I have noticed some changes in botanical names over the years, but apparently didn’t get the announcements, so I am just discovering them along the way.
I think most gardeners figure out at some point that there is value in learning a plant’s botanical name because knowing that helps to ensure positive plant id, anywhere in the world. Even though some gardeners don’t like botanical names and proclaim them pretentious, they know, deep down that there is value to them and it is worth learning them.
To make sure that a plant has only one official botanical name, there is actually an International Code of Botanical Nomenclature that can only be changed by the International Botanical Congress. And, to make sure they don’t rush into any botanical name changes, they only meet once every 6 years and require a 60% or greater majority to make a name change.
One of the changes I’ve noticed is with whole plant family’s name. When I first studied some plant taxonomy, we learned about the Pea Family, Leguminosae. You know, “the legumes”. Lovely family, pretty flowers, nice trees, flavorable beans, peanuts, nitrogen-fixing nodules on the roots? What’s not to like? Well, apparently the name of the family was not to like. I got a new botany book this summer and discovered that this family has been renamed to Fabaceae! Now, I don’t normally go around to garden centers to ask “do you have any plants in the Leguminosae family for sale?”, so I think I can live with this change. The picture above is of my redbud tree (Cercis canadensis) with lots of seeds, and they look like flat pea pods, because it is a member of the Legum… excuse me… Fabaceae family. I put a picture below of this tree flowering in the spring. The flowers have that characteristic look of all flowers of the pea family.
Some name changes are probably for the better, like the botanical name for Sweet Autumn Clematis. It’s blooming all over right now, though I don’t have any in my garden. I generally see it in older gardens draped over other large shrubs or growing on a fence. I first learned it as Clematis maximowicziana, in a class where spelling counted. Ouch, that took some time to learn! Now, it is Clematis ternifolia. That I can learn to spell in a snap! Good name change.

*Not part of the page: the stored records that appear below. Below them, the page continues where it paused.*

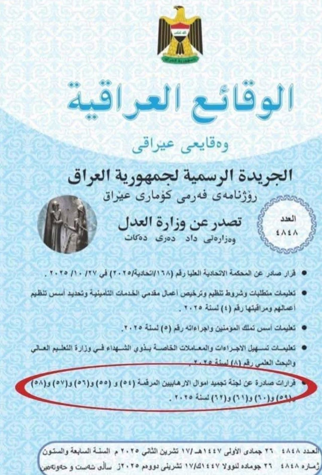أدرجت الحكومة العراقية- لجنة تجميد أموال الإرهابيين، حزب الله اللبناني، وجماعة “أنصار الله- الحوثيين” في اليمن على قوائمها، تنفيذاً لحزم من قرارات مجلس الأمن الخاصة بمكافحة الإرهاب وتمويله، وذلك بحسب ما ورد في العدد 4848 من جريدة الوقائع العراقية الصادر في 17 تشرين الثاني 2025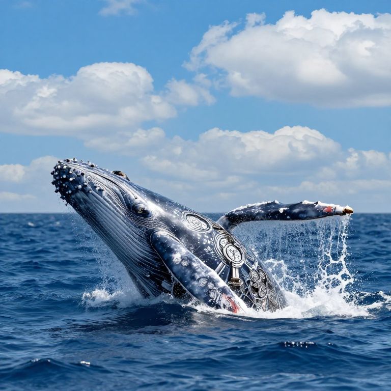 Whale breaches gracefully above the deep blue ocean, its body adorned with intricate clockwork patterns as it slices through the waves beneath a vibrant sky dotted with fluffy white clouds.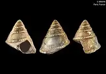 - ↑ Quin 1987. A revision of the Seguenziacea Verrill, 1884 (Gastropoda: Prosobranchia). II. The new genera Hadroconus, Rotellenzia, and Asthelys. Nautilus 10 I (2): 59-68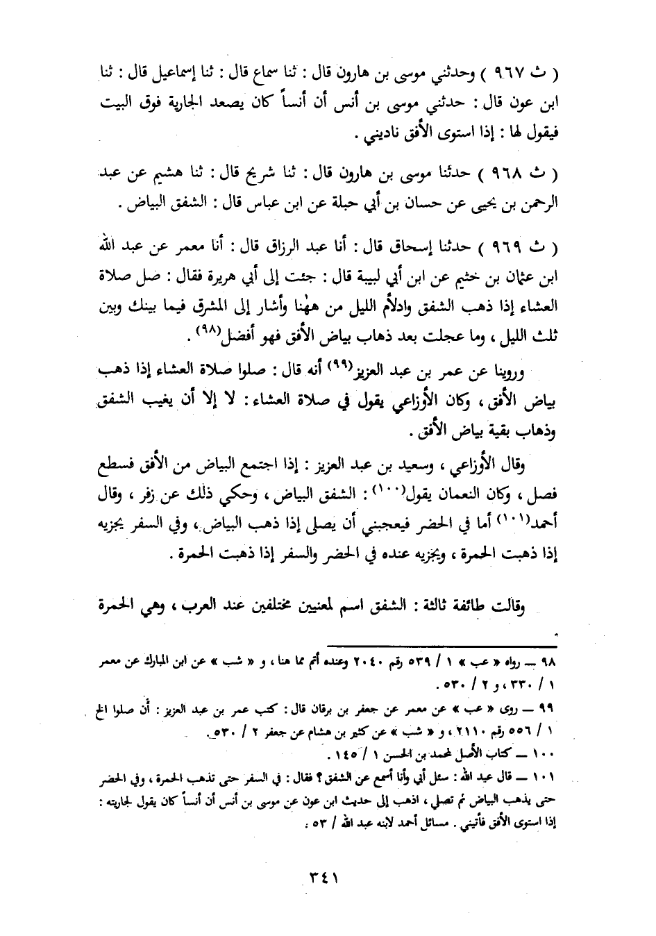 968 - حَدَّثَنَا مُوسَى بْنُ هَارُونَ، قَالَ: ثنا سُرَيْجٌ، قَالَ: ثنا هُشَيْمٌ، عَنْ عَبْدِ الرَّحْمَنِ بْنِ يَحْيَى، عَنْ حَسَّانَ بْنِ أَبِي حَبَلَةَ، عَنِ ابْنِ عَبَّاسٍ، قَالَ: الشَّفَقُ: الْبَيَاضُ

And then some plant names get changed because, well, no one wants them in their family, I guess. Poison ivy used to be included in the Rhus genus, but it and some of its kind, like poison oak and poison sumac, were put in their own genus, Toxicodendron. Sometimes, you just can’t reform members of the family, so I guess the best thing to do is dis-inherit them and move on. There are some nice plants in the Rhus genus, mostly the sumacs, and now they don’t have to be associated with their bad cousins.
Any other botanical name changes I should know about, IBC?
Annie in Austin says
It appears that the ornamental native Snakeroots which used to grow in my former IL garden have been moved out of Cimicifuga into Actaea. They’re now in with the Baneberries and Dolls’ Eyes.